Meghan Eilers
About Meghan Eilers
Meghan N. Eilers is Executive Vice-President, Midstream & Marketing and General Counsel at Ovintiv (OVV). She is 43, has served 3 years as an executive officer, was appointed EVP GC & Corporate Secretary in March 2022, and her role expanded in 2024 to include midstream and marketing operations; she joined Ovintiv in 2019 through the Newfield merger after legal roles at Noble Energy (2007–2018) and Newfield (2018–2019) . Ovintiv’s long-term incentives tie payouts to Relative TSR and ROIC, and recent PSU settlements show performance alignment (2021 PSU payout multiplier 113%; 2020 PSU multiplier 170%) . As of March 10, 2025 she exceeded stock ownership guidelines (7.0x salary vs 3x requirement), with prohibitions on hedging and pledging enhancing alignment .
Past Roles
| Organization | Role | Years | Strategic Impact |
|---|---|---|---|
| Noble Energy, Inc. | Various legal roles incl.

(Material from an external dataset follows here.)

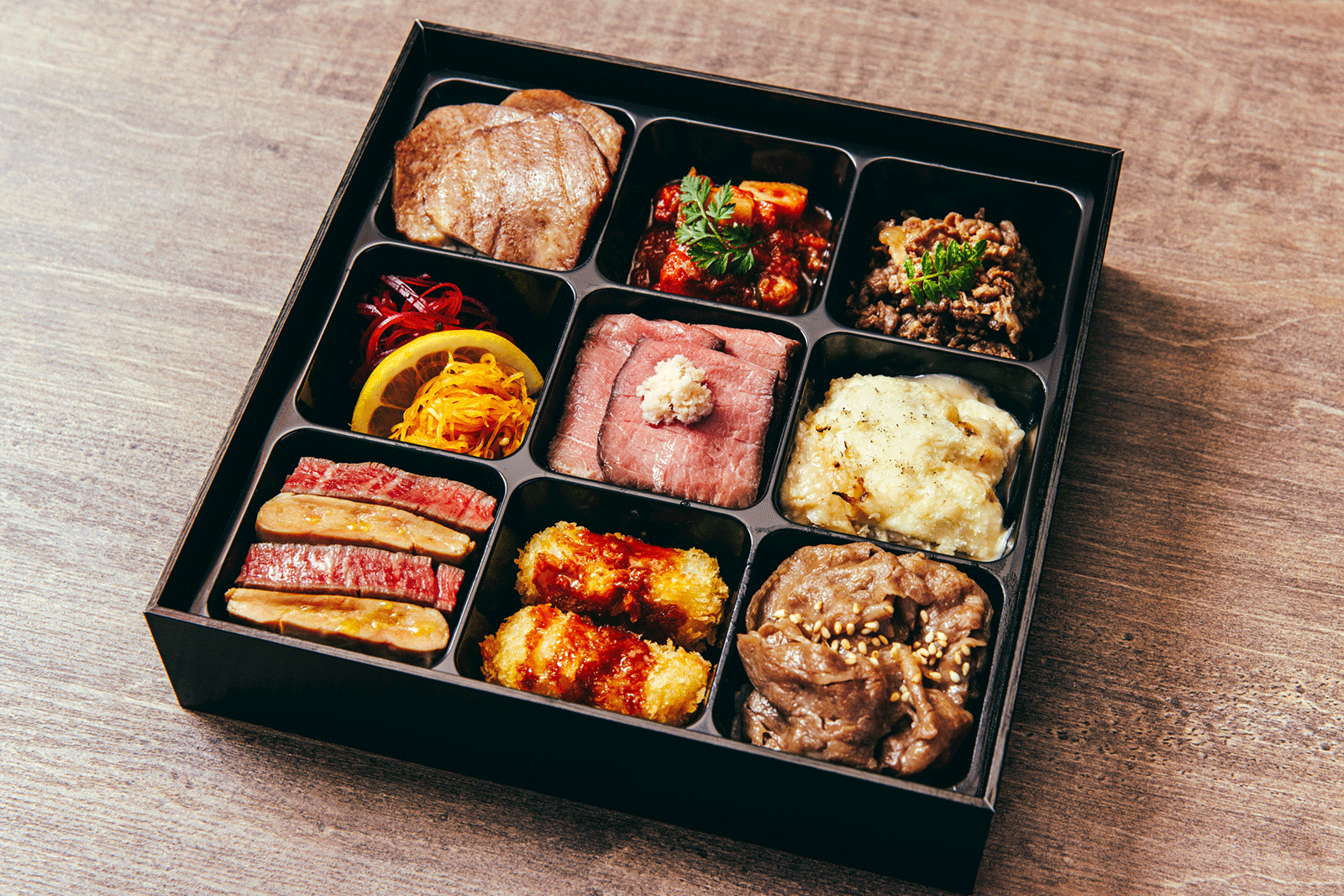カリッと香ばしく、中はレアでジューシーに焼き上げた“極上ヒレステーキ”をメインにローストビーフと焼肉、長谷川北斗シェフ監修の和牛100%ハンバーグをお楽しみいただけます。試作を重ねてたどり着いた、文字通り至高のお弁当です。

Managing Counsel – Domestic Operations | 2007–2018 | Supported upstream operations; legal oversight across domestic portfolio |
| Newfield Exploration | Assistant/Associate General Counsel | 2018–2019 | Led legal work through period preceding Ovintiv combination; continuity into Ovintiv |
| Ovintiv Inc. | Vice President, Legal Operations | 2019–2022 | Built legal operations; post-merger integration |
| Ovintiv Inc. | EVP, General Counsel & Corporate Secretary | Appointed Mar 2022 | Elevated enterprise legal governance; executive leadership |
| Ovintiv Inc. | EVP, Midstream & Marketing and General Counsel | Expanded in 2024 | Oversight of midstream/marketing operations and legal strategy |
Fixed Compensation
| Metric | 2023 | 2024 |
|---|---|---|
| Base Salary ($) | $472,500 | $495,000 |
| Target Bonus (% of Salary) | 70% (Max 140%) | 70% (no substantive program changes in 2024) |
| Target Bonus ($) | $330,750 (blended salary basis) | $346,500 |
| Actual Bonus Paid ($) | $621,810 | $492,030 |
| All Other Compensation ($) | $117,599 | $121,536 (incl. retirement plan contributions $77,464 and life spending allowance $39,600) |
Performance Compensation
Annual Bonus (Company Scorecard design)
- Ovintiv uses a Board-approved scorecard with balanced financial/operational metrics (e.g., Free Cash Flow, Capital Efficiency, safety TRIF/severity, GHG and spill intensity, Total Costs). No discretionary adjustments were applied for 2023 bonuses . The program design includes capped payouts and risk controls reviewed by an independent compensation consultant .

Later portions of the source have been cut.